Her words concerning those who entered ihram for ‘umrah: “then they did likewise after they returned from Mina, for their Hajj” refer to going between as-Safa and al-Marwah (i.e., sa‘i), according to the most correct view concerning the meaning of this hadith. As for the view of those who said that what she meant was tawaaf al-ifaadah, that is not correct, because tawaaf al-ifaadah is one of the essential parts of Hajj for all pilgrims, and they did that. Rather what is meant here is that which applies specifically to the one who is doing tamattu‘, which is going between as-Safa and al-Marwah a second time after returning from Mina in order to complete his Hajj. This is clear, praise be to Allah, and it is the view of most of the scholars. The soundness of that is also indicated by the report narrated by al-Bukhaari in his Saheeh, in a mu‘allaq majzoom report from Ibn ‘Abbaas (may Allah be pleased with him) that he was asked about Hajj tamattu‘ and he said: The Muhaajireen and Ansaar, and the wives of the Prophet (blessings and peace of Allah be upon him), entered ihram during the Farewell Pilgrimage, and we entered ihram, and when we came to Makkah, the Messenger of Allah (blessings and peace of Allah be upon him) said: “Make your ihram for Hajj ‘Umrah, except those who have already garlanded their sacrificial animals.” So we circumambulated the Ka‘bah and went between as-Safa and al-Marwah (i.e., sa‘i), then we engaged in intimacy with our wives, and put on our ordinary clothes.
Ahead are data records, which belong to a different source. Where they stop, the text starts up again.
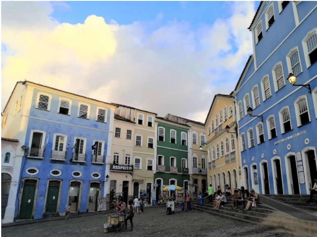
Abbildung 2: Theatralisiertes UNESCO-Weltkulturerbe Pelourinho in Salvador da Bahia (Gruber 2022).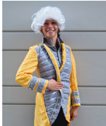
(Abb. 13) Livree eines Lakaien der Fürsten Oettingen-Wallerstein (um 1830) – Replikat nach einem Exponat im Kunsthistorischen Museum Wien (Maja Negraschis)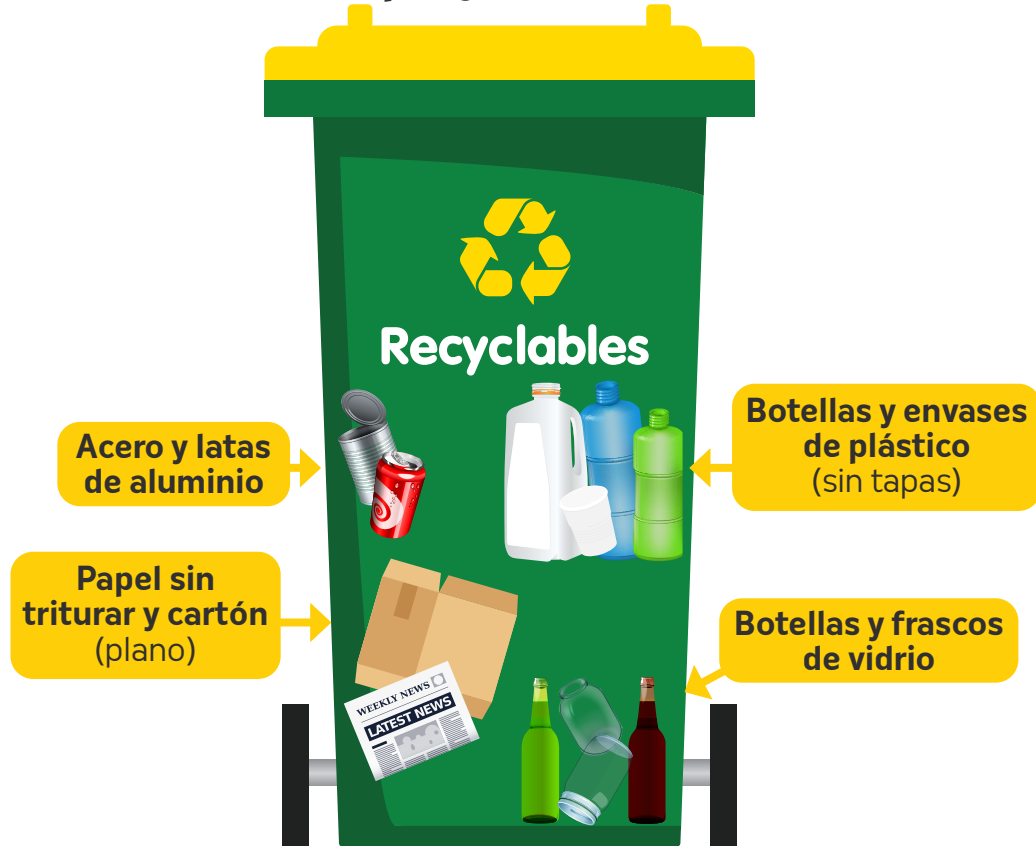
Contenedor de Papel y cartones

And he said: “Whoever has garlanded his sacrificial animal should not exit ihram until his sacrificial animal reaches the place of sacrifice.” Then he instructed us on the night of at-Tarwiyah to enter ihram for Hajj. Then when we had finished the rituals, we came and circumambulated the House and went between as-Safa and al-Marwah.
End quote. This clearly mentions that the one who is doing tamattu‘ should do sa‘i twice. And Allah knows best.
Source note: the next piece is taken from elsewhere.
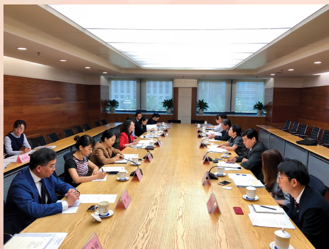
“CEPA貨物貿易便利化專題小組會議”在北京舉行

在通關便利化磋商方面，由經濟局、澳門海關、澳門民政總署及澳門貿易投資促進局代表組成的澳門代表團於6月14日在北京與國家商務部、港澳辦、海關總署及認監委等部門代表舉行“CEPA貨物貿易便利化專題小組會議”。雙方在會上回顧了在共同努力下開展貿易便利化所取得的成果，此外，根據業界的實際所需，澳門方向內地各部委充分反映了對於通關便利化的各項訴求，雙方就通關便利化、檢驗檢疫及海關程序等議題交換意見，進行了充分溝通。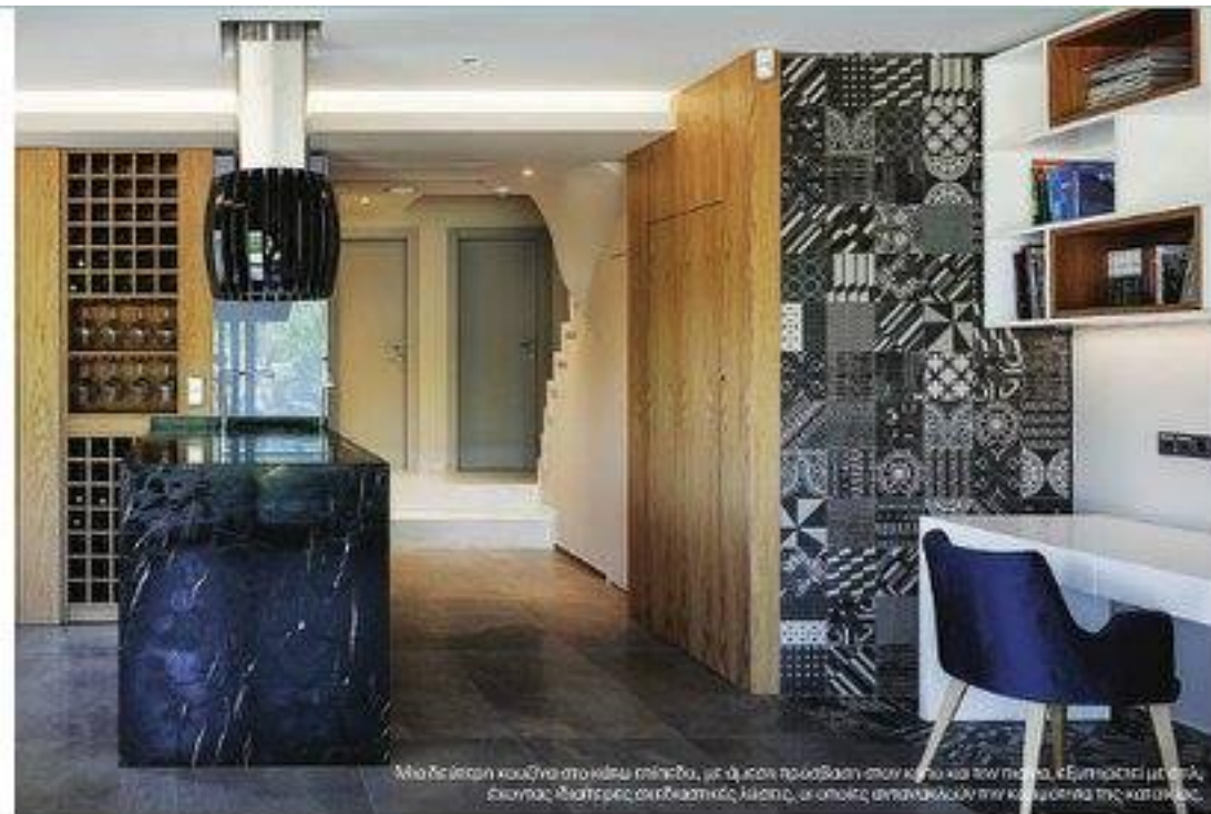
Μια δεξιά του καθιστικού στο κέντρο της αίθουσας, με άμεση πρόσβαση στον χώρο και τον κήπο. Εμπνευστεί με την Α. Σκηνής διατηρείς ορθολογική λύση, οι οποίες αναπαράγουν την κουλτούρα της κατασκευής.

With regard to what Muslim narrated from Jaabir may Allah be pleased with him), that the Prophet (blessings and peace of Allah be upon him) and his companions did not go between as-Safa and al-Marwah except once, namely their first sa‘i, this may be understood as referring to those among the Sahaabah who brought a sacrificial animal (hadiy) with them, because they remained in ihram with the Prophet (blessings and peace of Allah be upon him) until they exited ihram of Hajj and ‘umrah together. The Prophet (blessings and peace of Allah be upon him) had entered ihram for Hajj and ‘Umrah, and he instructed those who had brought sacrificial animals with them to enter ihram for Hajj with ‘umrah, and not to exit ihram until they exited ihram of both of them together. The one who is doing qiraan (i.e., entering ihram for ‘umrah and remaining in ihram until he has completed Hajj) only has to do sa‘i once, as is indicated by the hadith of Jaabir referred to above and other saheeh hadiths.
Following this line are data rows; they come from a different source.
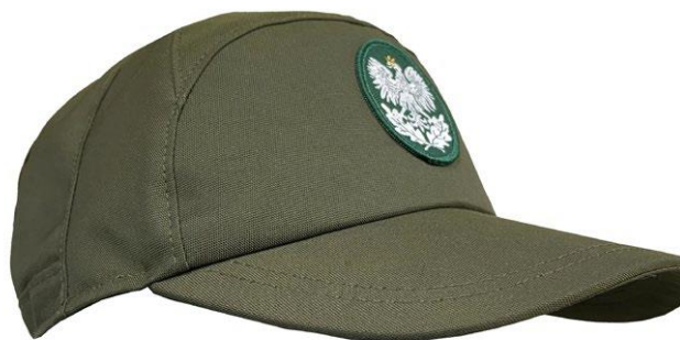
Czapka przeciwdeszczowa z daszkiem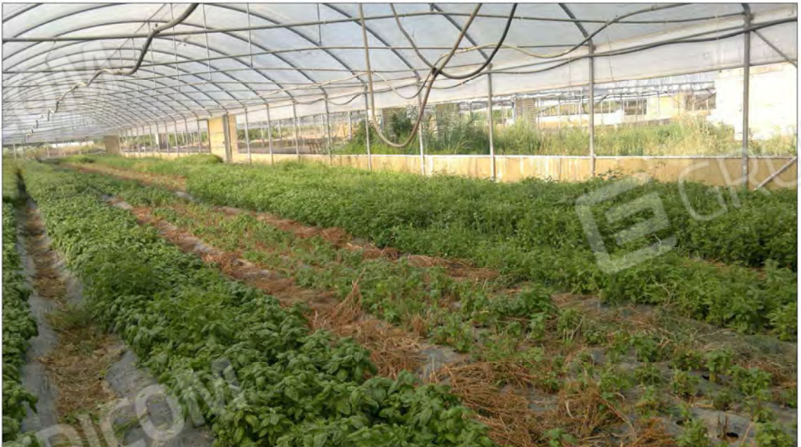
Vista interna Serre tunnel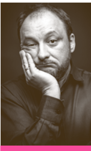
Kultura wygra z betonem

Są takie chwile, gdy wraca do mnie pytanie, co jest ważniejsze: kultura czy infrastruktura. Duch czy beton. Spektakl teatralny czy trasa średnicowa. Wszystko i wszyscy mówią, że trasa i beton. Czasami przestaje mi się chcieć wal-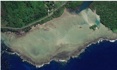
图 3 位于瓦努阿岛南岸萨武萨武附近的珊瑚礁海岸影像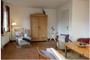
Die Leseecke und ein alter Bauerschrank für düd un dat.

Similarly, the one who is doing ifraad (Hajj only, without ‘umrah) and remains in his ihram until the Day of Sacrifice only has to do sa‘i once. If the one who is doing qiraan or ifraad does sa‘i after tawaaf al-qudoom (tawaaf upon arrival in Makkah), that will suffice and he does not have to do sa‘i after tawaaf al-ifaadah. This is the way to reconcile between the hadiths of ‘Aa’ishah and Ibn ‘Abbaas on the one hand and the hadith of Jaabir on the other (may Allah be pleased with them all). This will dispel any contradiction and enable us to act upon all of the hadiths.
What supports this way of reconciling between the reports is the fact that the hadiths of ‘Aa’ishah and Ibn ‘Abbaas are saheeh hadiths, which confirm the second sa‘i in the case of the one who is doing tamattu‘. The apparent meaning of the hadith of Jaabir negates that, but that which is proven takes precedence over that which negates, as is well established in the fields of usool and mustalah al-hadith. And Allah, may He be glorified and exalted, is the guide to what is right and there is no power and no strength except with Allah. End quote.
Shaykh ‘Abd al-‘Azeez ibn Baaz (may Allah have mercy on him)
Majmoo‘ Fataawa Ibn Baaz (16/79-81).